Beer maker Heineken has defended its decision to terminate contracts for three firms that it had hired to distribute its products across East Africa (EA), arguing that it acted within terms of their agreement.

The Dutch brewer says in a response to a suit filed by its Kenya, Uganda and Tanzania distributors that the deals struck with the three firms allowed it to terminate the agreements without having to make any explanations.

Heineken says the termination is aimed at deleting the exclusivity clause in the current contracts to open up the distribution of its products across the region to more firms that are willing to partner with it.

Maxam Limited, Uganda’s Modern Lane Limited and Tanzania’s Olepasu Limited last week obtained a court order stopping Heineken from terminating their distribution deals after they claimed the move was ill motivated.

Heineken however says that the three firms were free to apply for new distribution deals.

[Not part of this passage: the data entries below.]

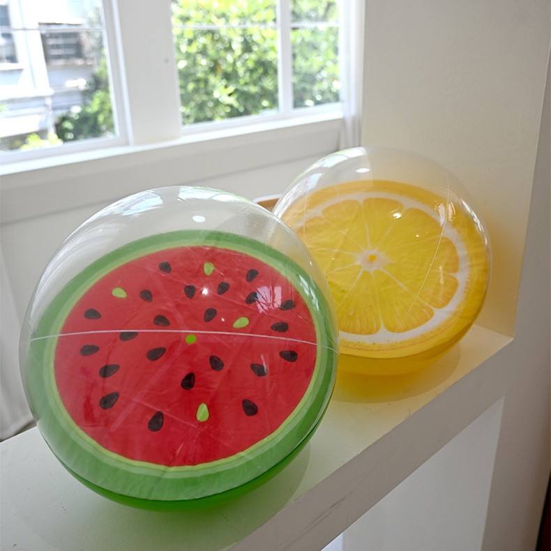 Pelota de playa inflable transparente de PVC con forma de sandía y limón, juguete acuático para niños, para jugar al aire libre
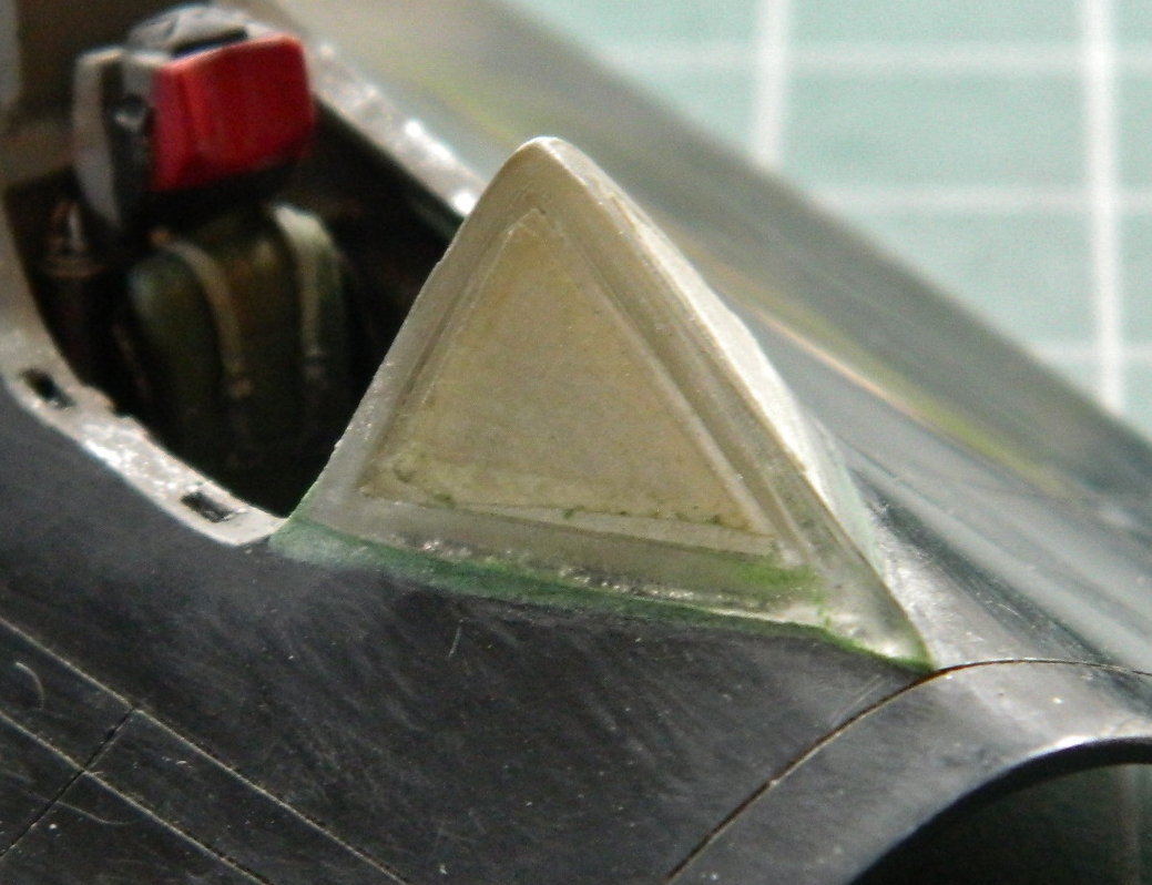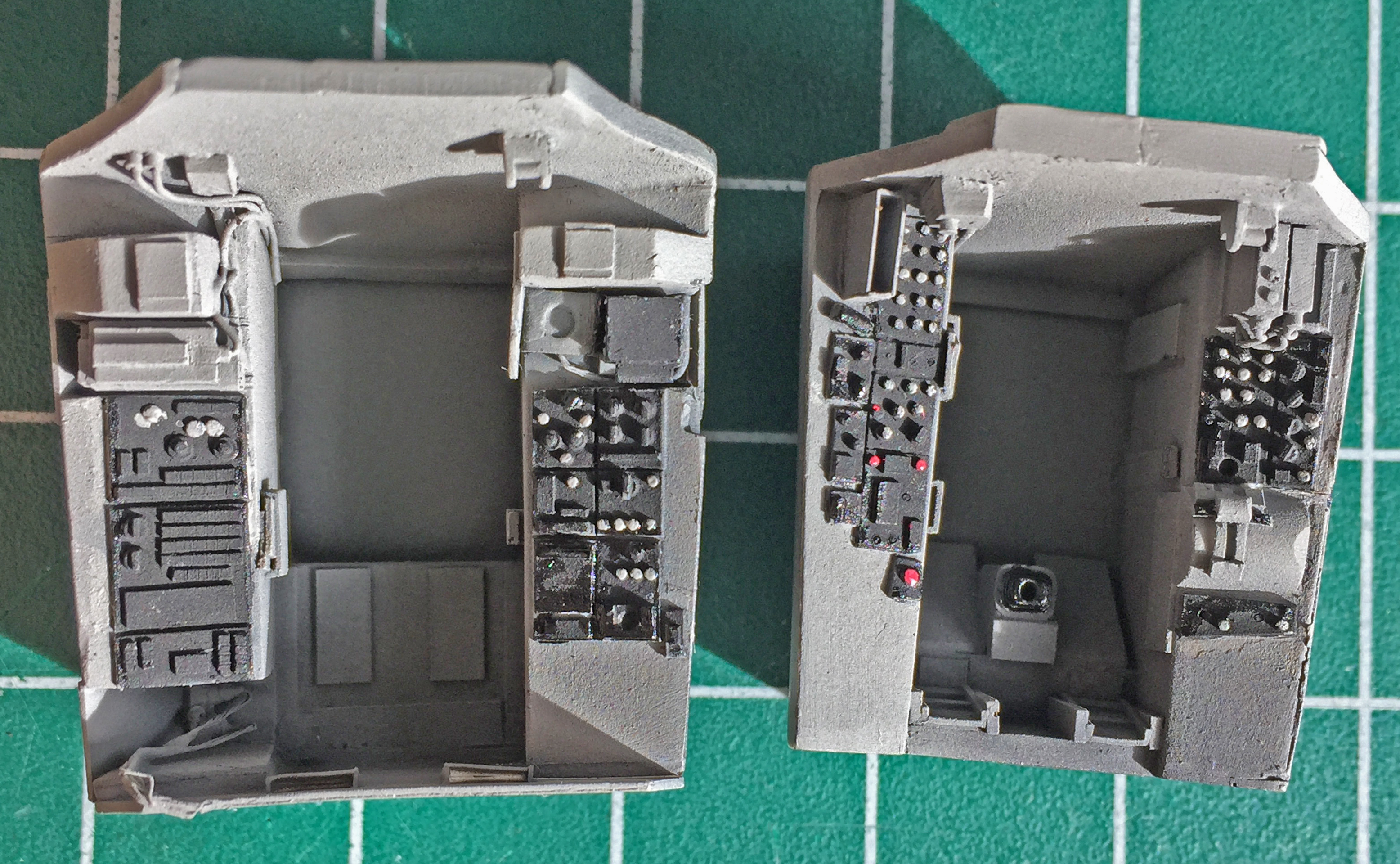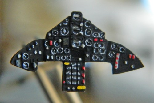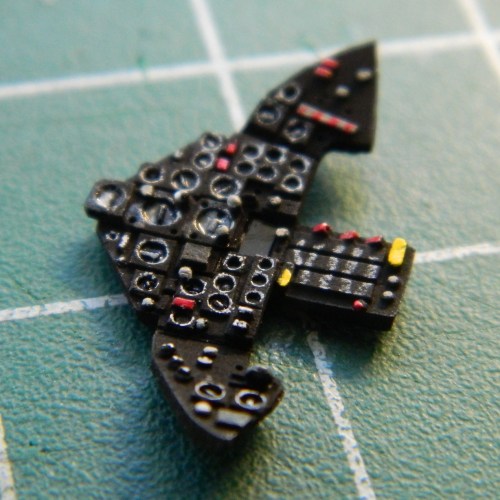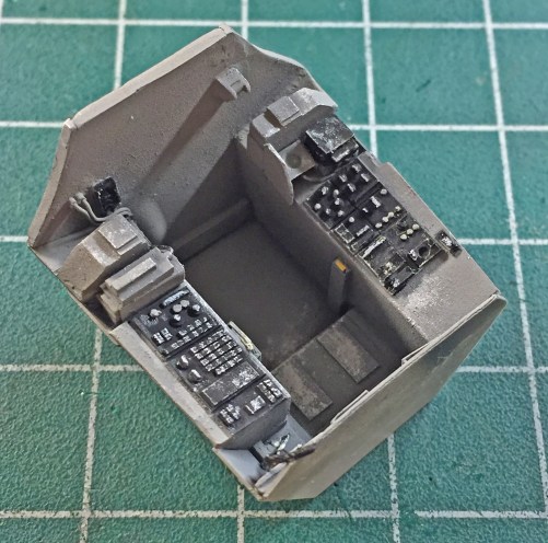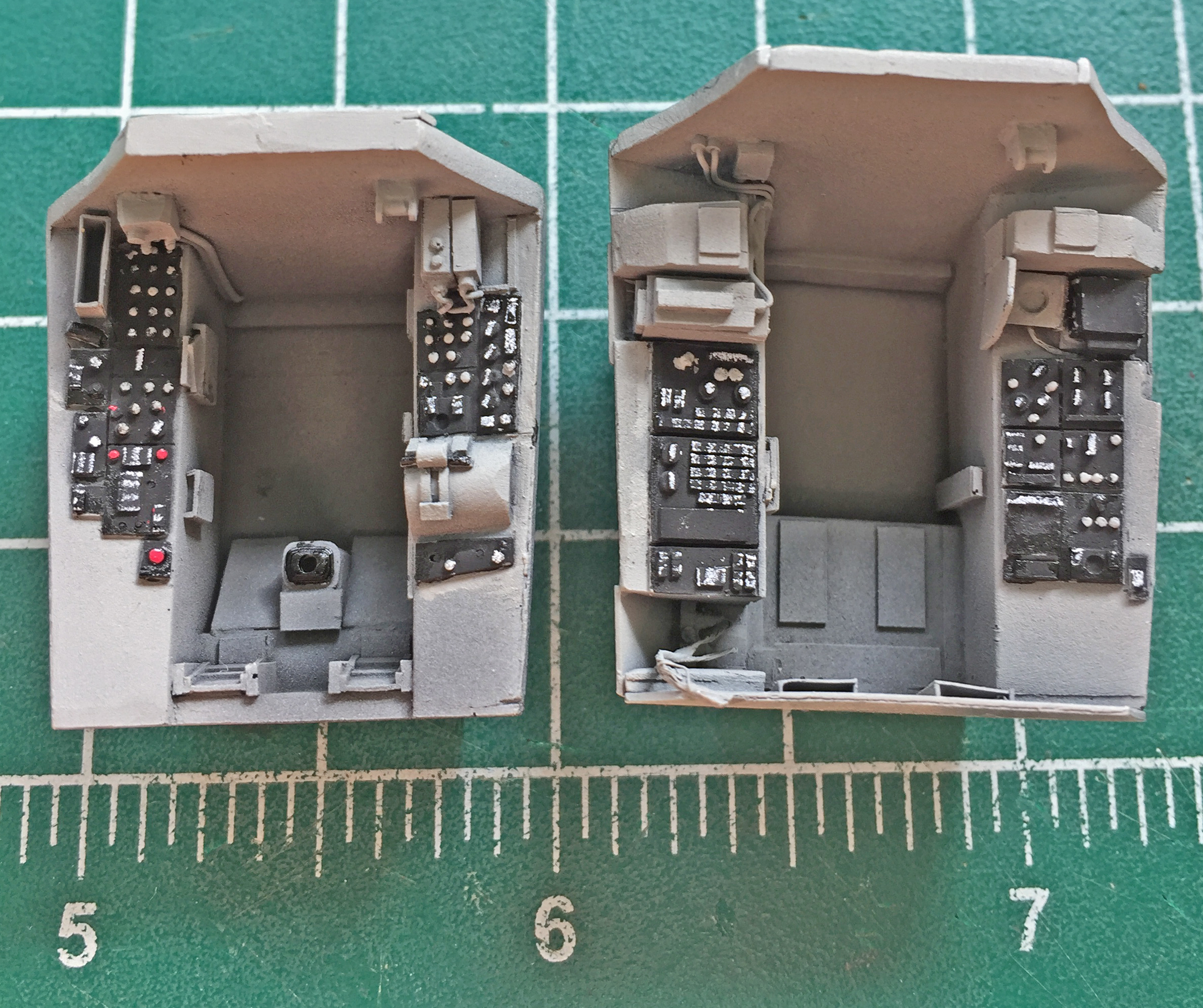 With the basics done, it was time to do the really fine stuff. For the pilot’s panel that meant I put a drop of clear gloss on each instrument. For the RSO’s panel, I glued the film I used for the CRT screens into place using diluted white glue (the pilot’s panel also has a small CRT screen under the three center gauges but it’s almost impossible to see) (almost):
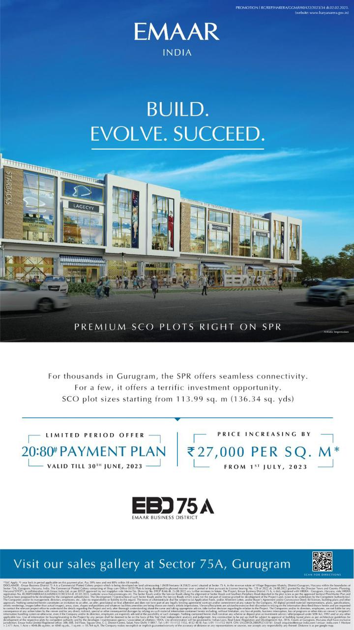 A premium shop-cum-office plot concept, EBD 75A is the latest addition to our success story of SCO developments in Gurugram. Positioned strategically on Southern Peripheral Road, which is termed as the new grow
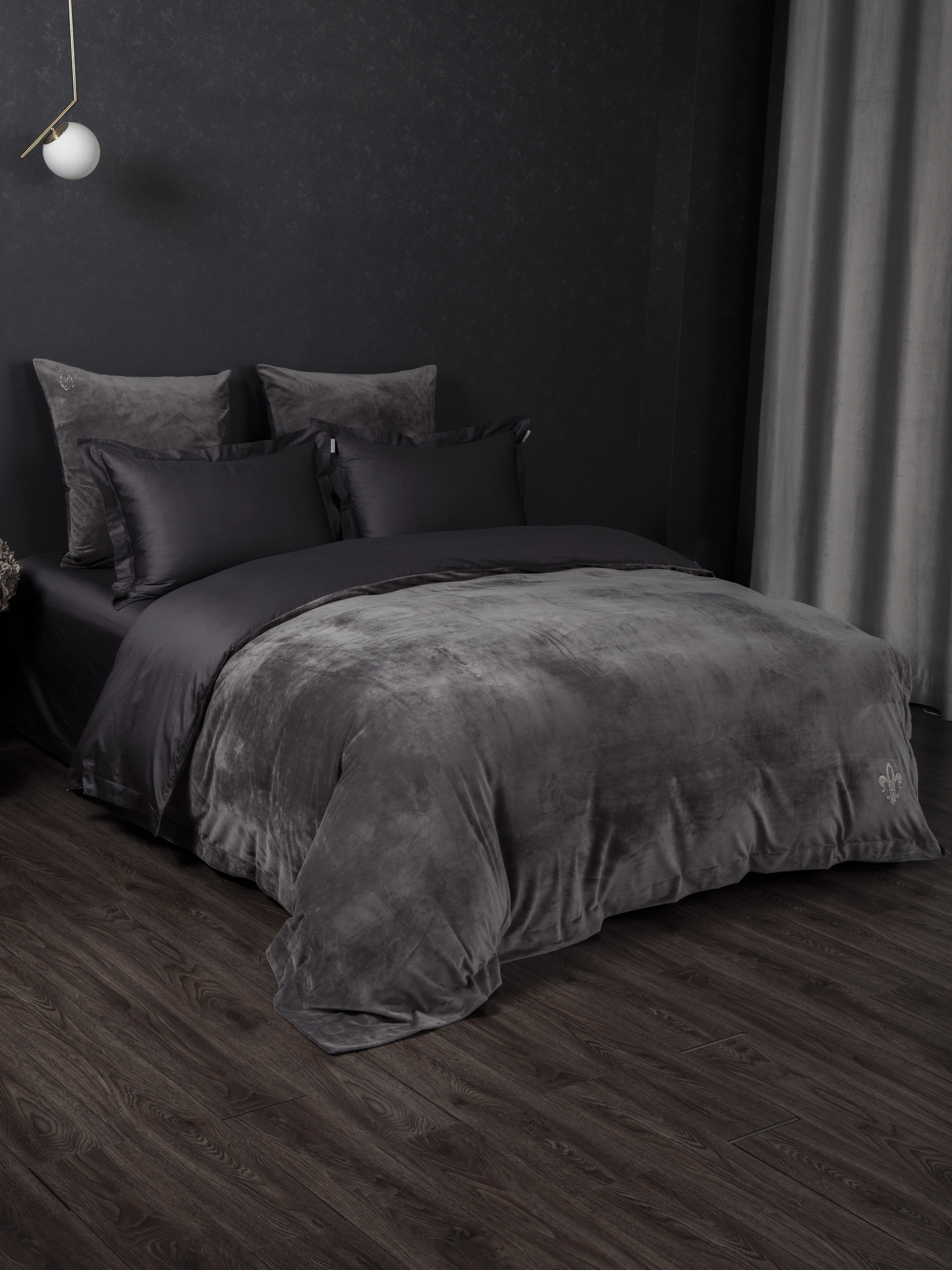 Пледодеяльник: верхняя ткань – роскошный мягкий велюр, низ – однотонный высококачественный сатин, украшен фирменным гербом из качественных страз, нанесенными высокотемпературным способом. Уникальность пледодеяльника, в возможности использовать его зимой в жарких спальнях, как облегающую простыню, в прохладных — с вложением одеяла, летом и в межсезонье – в качестве легкого одеяла как самостоятельный предмет!

“Heineken’s representatives informed the plaintiffs’ representatives that the defendant is looking at terminating the exclusivity of the Kenya agreement. Heineken in addition made the plaintiffs aware that despite having the intention to terminate the exclusivity of the Kenya agreement they were still eligible to enter into another distribution agreement with Heineken,” says the Dutch brewer.

Maxam, Modern Lane and Olepasu have also faulted Heineken for sending termination letters through its parent company, Heineken International BV, arguing the distribution deals were signed with a sister company--Heineken East Africa Import Company (HEAIC).

But Heineken has accused the three of seeking to apply double standards, as they recognised the parent firm when accepting the distribution deals between 2012 and 2014.

Heineken sent termination notices to the three distributors last month. They have sued Heineken International BV and its subsidiaries Heineken East Africa Import Company and Heineken Brouwerjen BV.

The three distributors in their suit argue that Heineken wants to terminate their contracts despite their efforts to grow the brewer’s turnover to Sh1.8 billion in 2015 up from Sh1.3 billion a year earlier.